If you wandered into my office, you’d probably be shocked by the vast amount of just raw paper I have lying around. I scribble notes, I use photocopy machines, I print stuff all the time. And I have lots of books and magazine articles I’ve clipped over the years.
I’d like to do some optical character recognition and digitize these papers, but I frankly am too cheap to buy OCR software, and besides, most of it runs on that Microsoft Operating System that Shall Not Be Named, and I have foresworn that I shall not give Microsoft any more money. I’ve tried a couple of really awful open source solutions like gocr, but it’s frankly terrible. On the Google Blog, I recently read that Google had used the tesseract engine and had created a suite of applications called ocropus that could be used for the purpose.

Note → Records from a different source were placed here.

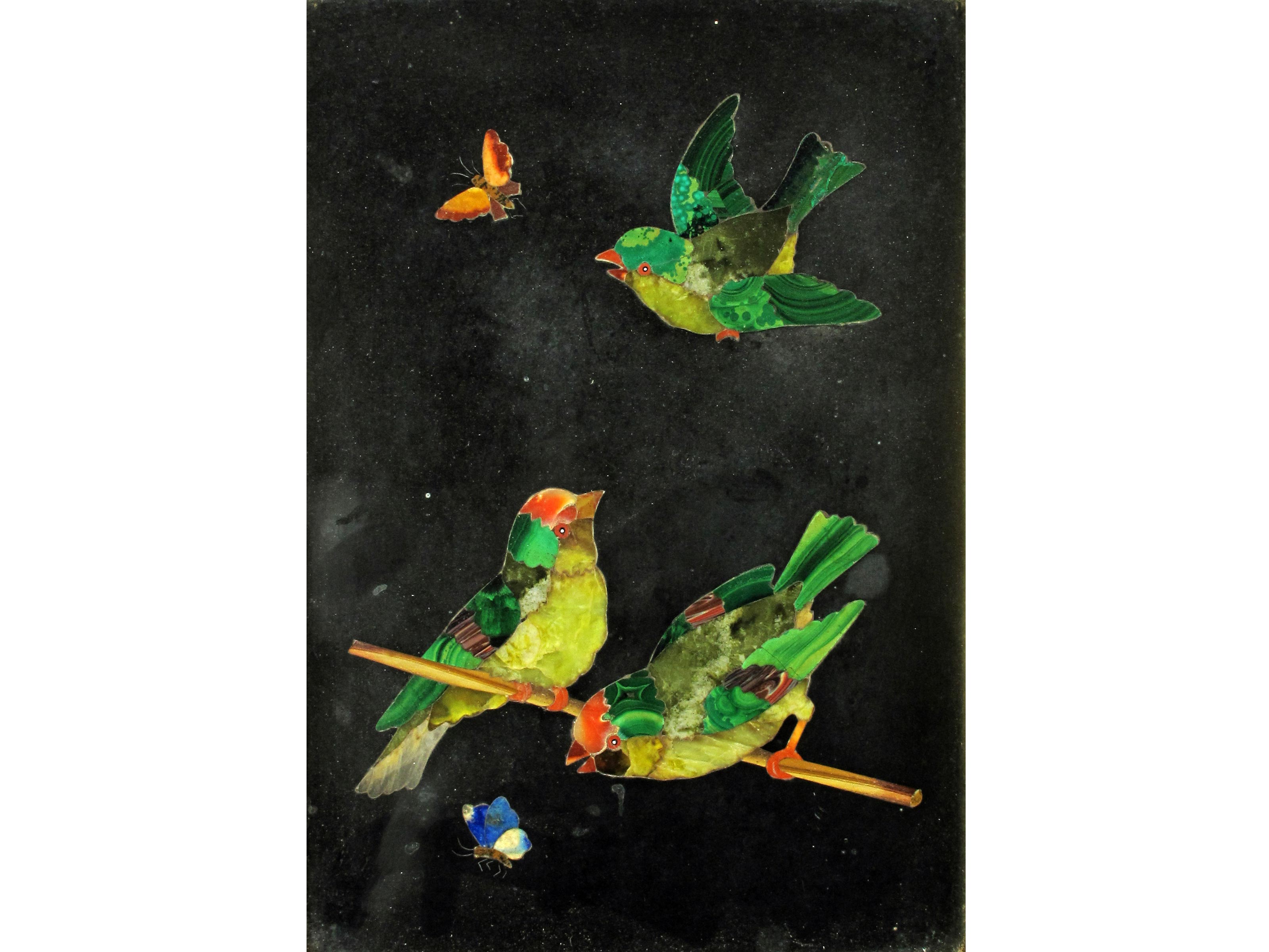 Commesso in pietre colorate Inizio XX secolo Uccellini e farfalle Misure 20,5x14,5 cm
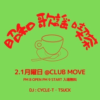 偶数月の第一月曜日に滋賀CLUB MOVEにて開催中。この日の音楽は昭和のスナックにタイムスリップ。そんな昭和歌謡にドップリと浸って頂けるクラブ・イベントが昭和歌謡喫茶です。誰もが知ってるお馴染みの曲からレアでマニアックな曲までと幅広い選曲でDJがプレイ。リクエストや音源持参も大歓迎。
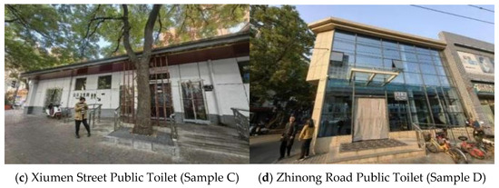 - Dong, B.K.; Zheng, C.R.Y.; Tian, Y.Z.; Yang, C.D. Satisfaction degree and influencing factors of urban public toilet renovation from the perspective of human settlement environment: A case study of Qingcheng Yi Station in Hohhot City. Urban Probl. 2023, 4, 96–103. [Google Scholar] [CrossRef]
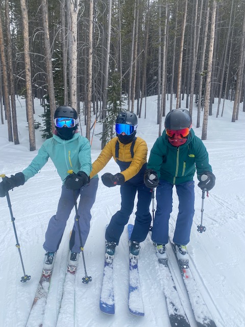 Sue (Broomfield, AM), Ken (Broomfield, AM), Meredith (Denver, AM), Emmy (Fairfield, AM) … Tamar (NYC, PM), Lizzy (Colorado Springs, PM), Evan (Boulder, PM). So, a bit of different focus from AM to PM but the common threads runs through every lesson: balance in the moguls, turn on top of mogul and come into the top SLOW – use a check turn is needed, pole balance on top of hands, poles behind back to bring upper body forward, hands on knees develops the feel of being lower, put the butt in chair up the hill – also called hip rotation facing outside of turn, pivot turns, initiate turn with new inside ski, leg steering, adduction leg rotation, abduction leg rotation, less edge and more skidding, use more of bottom of ski and not so edgy, CM crossover to initiate edge change, pole plant/touch – bungy this to the hips bringing them forward and lateral, load up the front part of ski at initiation, don’t have lazy arms, pole swing comes from the wrist, ‘two tree’ exercise for feeling the core below the feet (upside down). OK, that’s probably enough to think about.
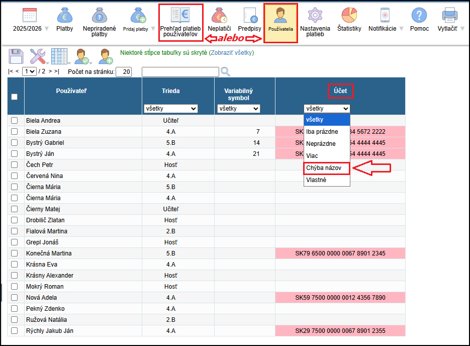 V module platby si v Používateľoch a Prehľade platieb používateľov môžete vyfiltrovať používateľov, ktorí nemajú zadaný názov účtu:
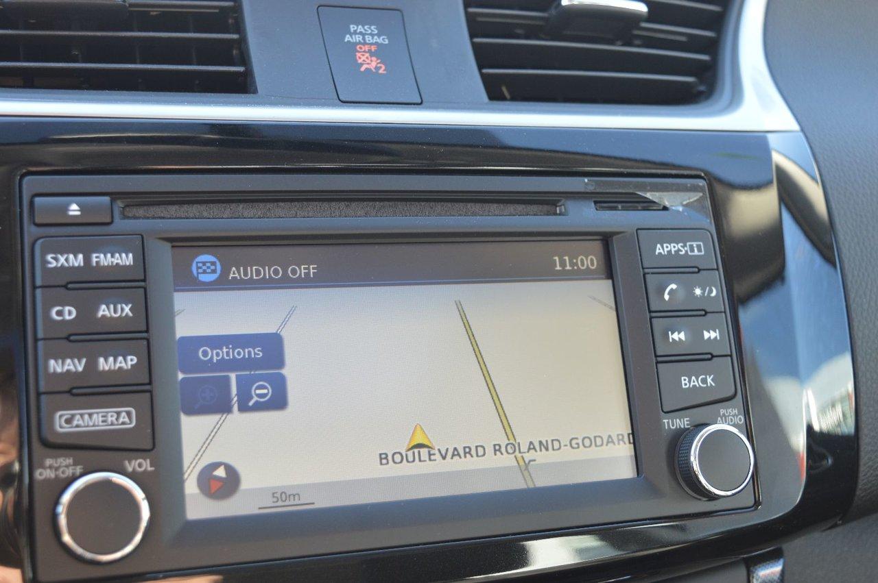 Nissan Sentra SR PREMIUM TURBO CUIR NAVIGATION LIQUIDATION 2017Régulateur de vitesse, Toit ouvrant, Essuie-glaces intermittents, Anti-démarreur, Freins ABS, Contrôle de stabilité, Coussin gonflable conducteur, Coussins gonflables latéraux, Lecteur CD, Lecteur MP3, 8 Haut-parleurs, Portes électriques, Tachymètre, Vitres électriques, Air climatisé, Intérieur en cuir, Commandes audio au volant, Sièges arrières rabattables, Sièges chauffants, Volant ajustable, Aileron, Tapis protecteurs, Ordinateur de bord, Tout équipé, Caméra de recul, Radio AM/FM, Volant gainé de cuir, Phares automatiques, Rétroviseur électrique, Direction assistée, Télédéverrouillage, Rétroviseurs chauffants, Banquette arrière divisé, Siège à réglage électrique, Système d\'alarme, Coussins gonflables arrière pour la tête, Sièges tissu, Démarrage sans clé, Freins à disque, Sièges chauffants - Avant, Rétroviseurs électriques, Jantes en alliage, Antipatinage, Phares antibrouillards, Jupes aérodynamiques, Verrous de sécurité pour enfants, Système de surveillance de la pression des pneus, Sièges baquets, Prise Auxiliaire, Technologie Bluetooth intégrée, Port USB, Aluminium, Climatisation
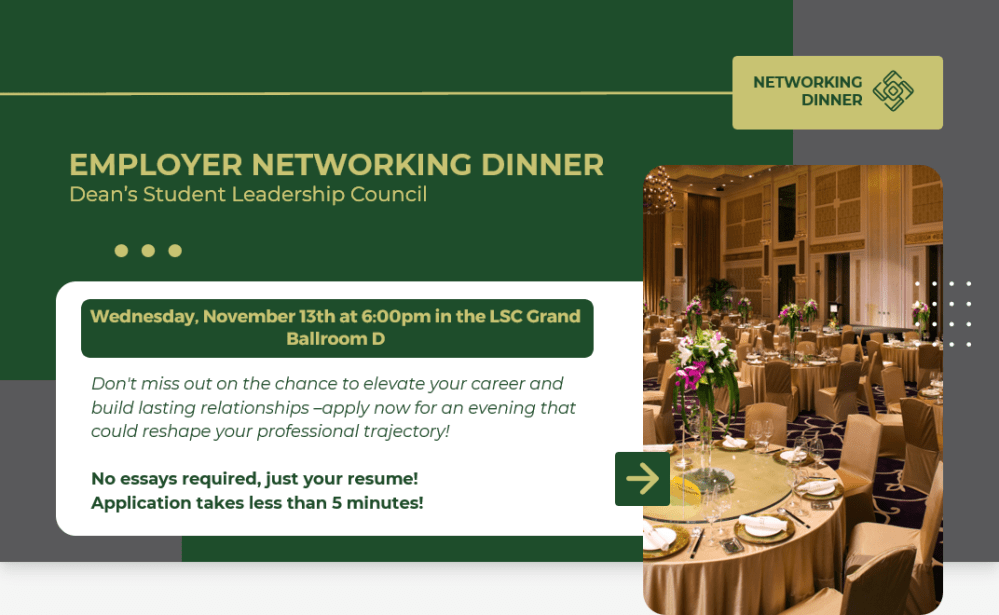 Has it ever felt difficult to truly leave a lasting impression on a job recruiter at a crowded career fair or swiftly passing through their tabling event in Rockwell West Foyer? The Dean’s Student Leadership Council of the College of Business in conjunction with the Career Management Center is hosting an Employer Networking Dinner on November 13th, 2024, from 6:00-7:30 PM! This exclusive event seeks to bring together students who are potential new hires and interns with industry leaders amongst all sectors of business, to network with employers and job recruiters over a FREE three course meal!
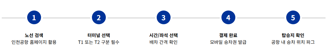 - 터미널 구분: 인천공항은 제1여객터미널(T1)과 제2여객터미널(T2)이 분리되어 있습니다. 본인이 이용하는 항공사가 어느 터미널인지 반드시 확인 후 목적지를 설정하세요.
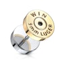 Hier siehst du einen Fake Plug mit der Rückseite einer Patrone. Der Grund, warum es hierbei um einen Fake Plug handelt, liegt darin, dass er die Illusion erzeugt, du hättest einen 10 mm großen Plug im Ohr, obwohl du nur ein gewöhnliches 1,2 mm Piercingloch hast. Sobald der Schmuck im Ohr sitzt ist kein Unterschied mehr zu einem echten Plug zu sehen. Der große Durchmesser der Vorderseite des Plugs bietet ausreichend Platz für den eingravierten Text - es wäre auch eine Schande gewesen, wäre der Schmuck so klein, dass man dem Text kaum sehen oder lesen könnte.
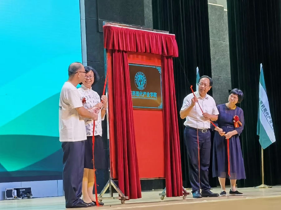 活动中,广东药科大学校长翟理祥研究员、云浮市政协主席梁丽娴女士、君安医生集团董事长车军先生和365上市公司官网副董事长洪丽萍女士在仪式上分别致辞,并共同为“广东药科大学中医药现代产业学院”揭牌。
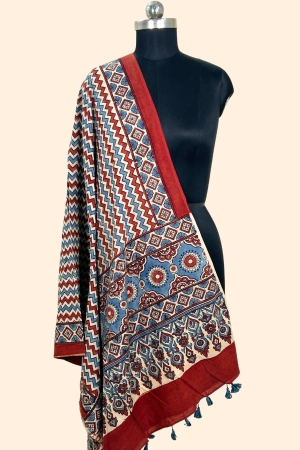 Ajrakh HandCrafted Natural Dye Pure Cotton Dupatta
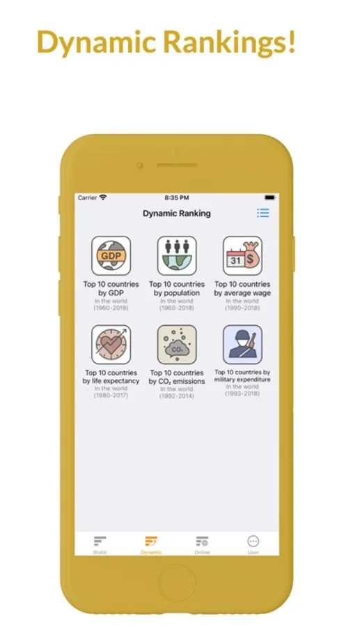 The dynamic rankings give an interactive way for users to see the changing of rankings in a given range of time.
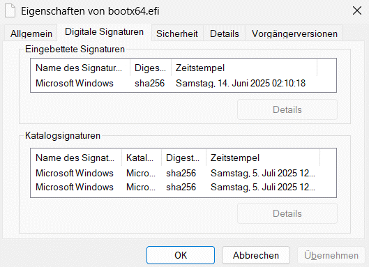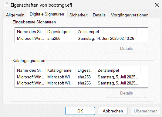 Hier sollte ein normaler Windows Client mit Updates schon länger kein Problem damit haben aber zur Sicherheit können wir dies testen. Microsoft will in dem Zuge auch die Zertifikate aktualisieren, die zur Signatur von Linux UEFI-Loadern signiert werden - Absicherung gegen BlackLotus

I did a quick test. I scanned a page from an old Sky and Telescope article: it describes a lensless Wright Camera. It contains inset boxes and graphics, and I had found it a fairly challenging thing to extract almost anything out of. To run ocropus, i simply typed the command “ocropus ocr testocropus.png > testocropus.html” and got this result. It isn’t perfect, but it’s not that bad, and probably represents a pretty significant reduction in labor (at least, given the speed at which I can type) in terms of getting a reasonably accurate representation of the fairly difficult text.
If you have some ocr tasks, you might think about giving it a shot. I will be doing some more experiments, and will keep you all posted.
Addendum: A second test with a second scan of a less challenging paper, done at the recommended 300 dpi and the resulting output.